Turkey’s election authority has reinstated a pro-Kurdish mayoral election winner in the eastern city of Van after the annulment of his victory provoked clashes.
The Supreme Election Board (YSK) announced on Wednesday that it has overturned a decision by the regional election commission in eastern Turkey to remove Abdullah Zeydan, the candidate of the pro-Kurdish Peoples’ Equality and Democracy Party (DEM).
The reversal is viewed as another boost for the Turkish opposition following Sunday’s local elections, which dealt a blow to President Recep Tayyip Erdogan and his Islamic-oriented Justice and Development Party (AKP), after their wins last year in the presidential and parliamentary elections.
Zeydan had garnered more than 55 percent of the vote in the municipal elections on Sunday, but the regional electoral commission claimed he was ineligible to stand due to a previous conviction, and handed the mayoral seat to a candidate from AKP who had won 27 percent of the vote.
Zeydan had been arrested and jailed in 2016 after criticising the Turkish army’s air campaign against outlawed Kurdish fighters in the Kurdish-majority southeast. He was released in 2022.
The removal provoked violent protests on Tuesday that lasted throughout the night across the province, which lies on Turkey’s eastern border with Iran.

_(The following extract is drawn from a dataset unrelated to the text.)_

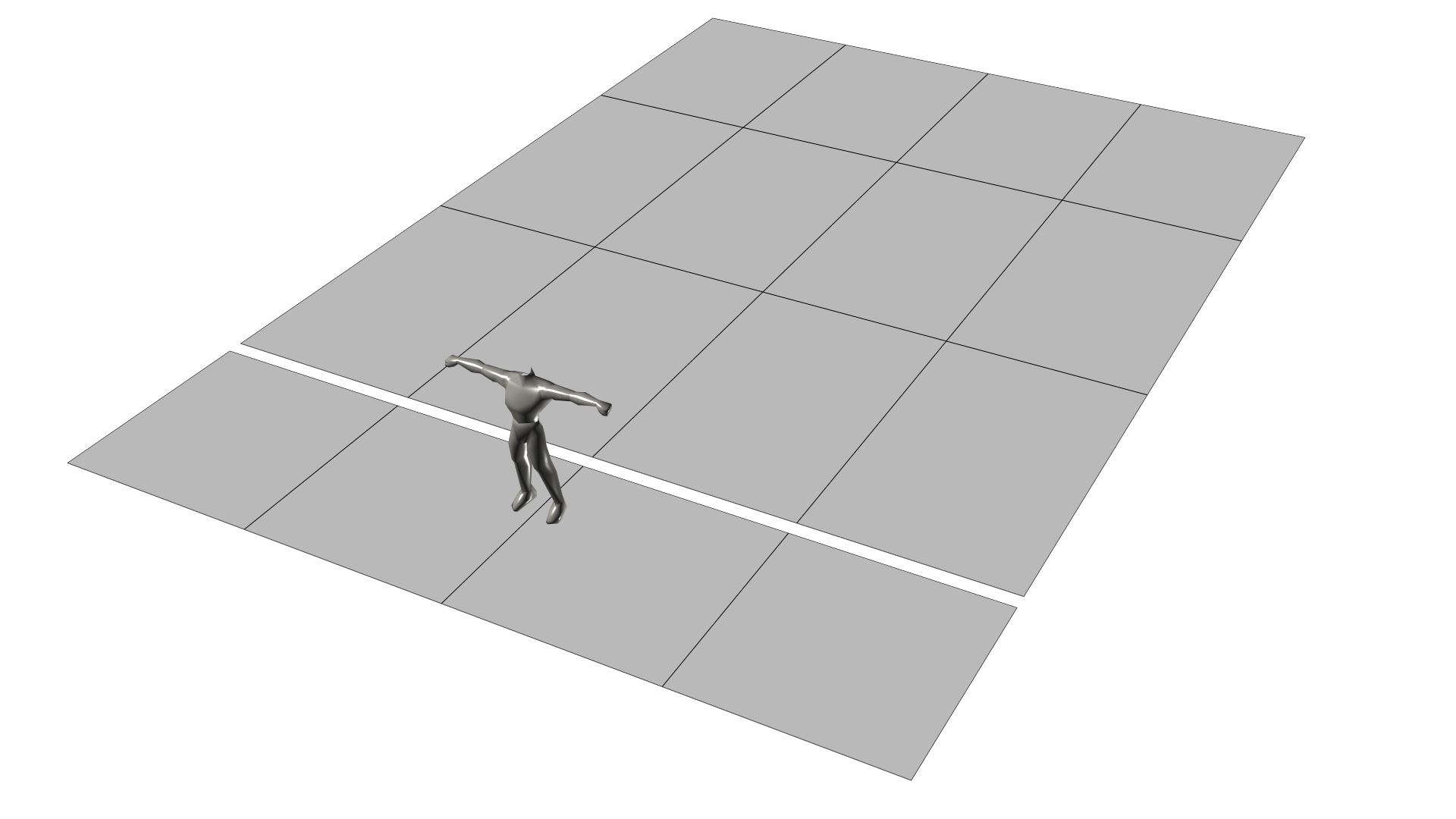 Für den Grundriss erstellt man zunächst eine ebene Fläche, um später die Maße und Positionierung im Raum besser abschätzen zu können. Die folgende Grafik verdeutlicht, wie ein Grundriss aussehen könnte. Zum Vergleich wird an der Stelle das männliche Körpermesh von Gothic verwendet.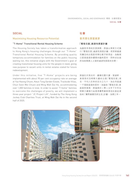 to Hong Kong’s housing challenges through our “T-Home” 行「暫租住屋」過渡性房屋計劃,把即將重建

The authorities cracked down. Interior Minister Ali Yerlikaya said 89 people were detained, for joining unauthorised rallies and chanting slogans in praise of a “separatist terror organisation”, referring to the Kurdistan Workers’ Party (PKK) that has been blacklisted by Turkey, the United States and the European Union.
DEM has often been accused by the Turkish authorities of links to the PKK. The movement is the third-largest party in Turkey’s national parliament.
However, on Wednesday, DEM said the YSK had decided to reinstate Zeydan as the mayor of Van as “a result of the resistance of the Kurdish people”.
Kürt halkının, dostlarımızın ve demokratik kamuoyunun direnişi sonucunda Van Büyükşehir Belediyesi Eş Başkanımız Abdullah Zeydan’a mazbatasının verilmesine karar verilmiştir. Her Bijî Berxwedana Gelê Kurd! pic.twitter.com/EoZTIjrtCD
— DEM Parti (@DEMGenelMerkezi) April 3, 2024
The YSK considered an appeal by DEM and ruled to reinstate Zeydan, the state-run Anadolu Agency reported. The decision was taken by a majority of the board’s members, the agency said.
Over the years, Erdogan’s government has removed elected pro-Kurdish mayors from office for alleged links to Kurdish fighters and replaced them with state-appointed trustees.
Besides the victory in Van, DEM also claimed the mayorships of other large towns in Turkey’s Kurdish-majority southeast, including Diyarbakir, the region’s largest city.
Before the election board’s decision to reinstate Zeydan, Istanbul’s re-elected mayor Ekrem Imamoglu, seen as a likely rival to Erdogan, called the events in Van a “total aberration”.
“We will be following this meaningless practise of double standards from Van,” Imamoglu, whose party backed the DEM in its battle against the Van ruling, told a crowd of about 500 supporters gathered outside Istanbul’s main court after he was officially given a mandate to serve five more years.